United States District Court, N.D. Texas, Fort Worth Division
CHARLES B. BRADFORD, Petitioner,
v.
ERIC D. WILSON, Warden, FMC-Fort Worth, Respondent.
OPINION AND ORDER
REED
O' CONNOR UNITED STATES DISTRICT JUDGE
Before
the Court is a petition for a writ of habeas corpus pursuant
to 28 U.S.C. § 2241 filed by Petitioner, Charles B.
Bradford, a federal prisoner confined at FMC-Fort Worth,
against Eric D. Wilson, warden of FMC-Fort Worth, Respondent.

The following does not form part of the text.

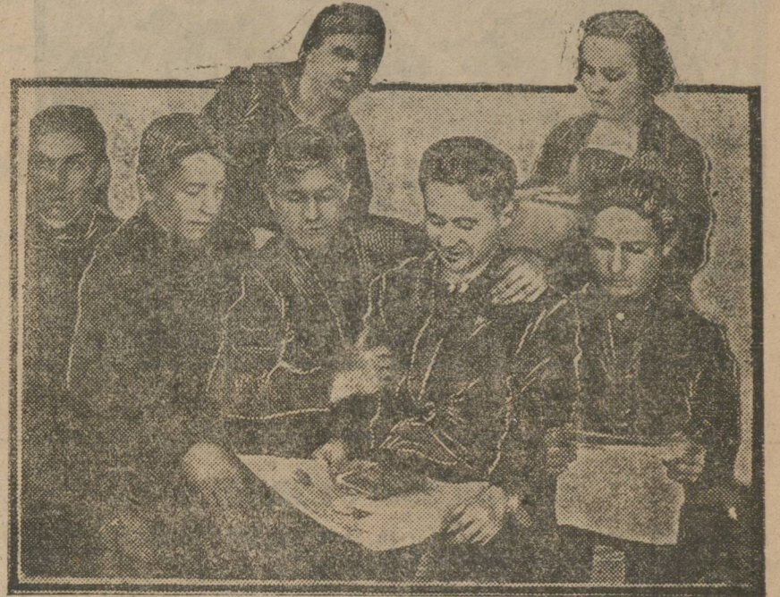
ГРУППА ПЕРМСКИХ ДЕЛЕГАТОВ.

Когда я был на одном из Тагильских заводов, то интересовался, как у нас обстоит дело с переводом из разряда в разряд? По заявлению ребят—дело плохо. Молодежь жаловалась, что на освобожденное место, часто берут со стороны, а не продвигают своих мо-
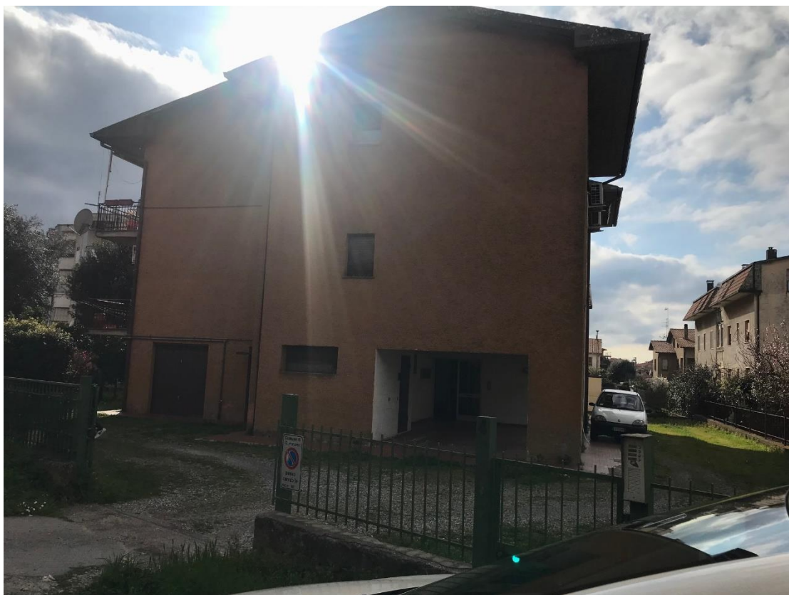
Vista esterna complessiva lato ingresso

After having considered the pleadings and relief sought by
Petitioner, the Court has concluded that the petition should
be dismissed as premature. No. service has issued upon
Respondent.
I.
BACKGROUND
Petitioner
is serving a 36-month term of imprisonment following
revocation of his supervised release for his 2011 conviction
in the United States District Court for the Western District
of Louisiana, No. 5:10-CR-00353-01, for bank fraud. Pet. 2,
ECF No. 1; Js., United States v. Bradford, Criminal Docket
for Case #: 5:10-cr-00353-01, ECF Nos. 123 & 223. The
Bureau of Prisons (BOP) has calculated his projected release
date as August 16, 2019, via good conduct time. See
U.S. Dep't of Justice, Fed. Bur. of Prisons/Inmate
Locator, http://www.bop.gov. (last visited May 17,
2019). In this petition, Petitioner claims that the BOP
should implement the new provisions of the First Step Act of
2018 regarding the award of good conduct time immediately and
recalculate his release date. Pet. 7, ECF No. 5.
II.
DISCUSSION
A
district court must dismiss a habeas petition “[i]f it
plainly appears from the petition and any attached exhibits
that the petitioner is not entitled to relief . . . .”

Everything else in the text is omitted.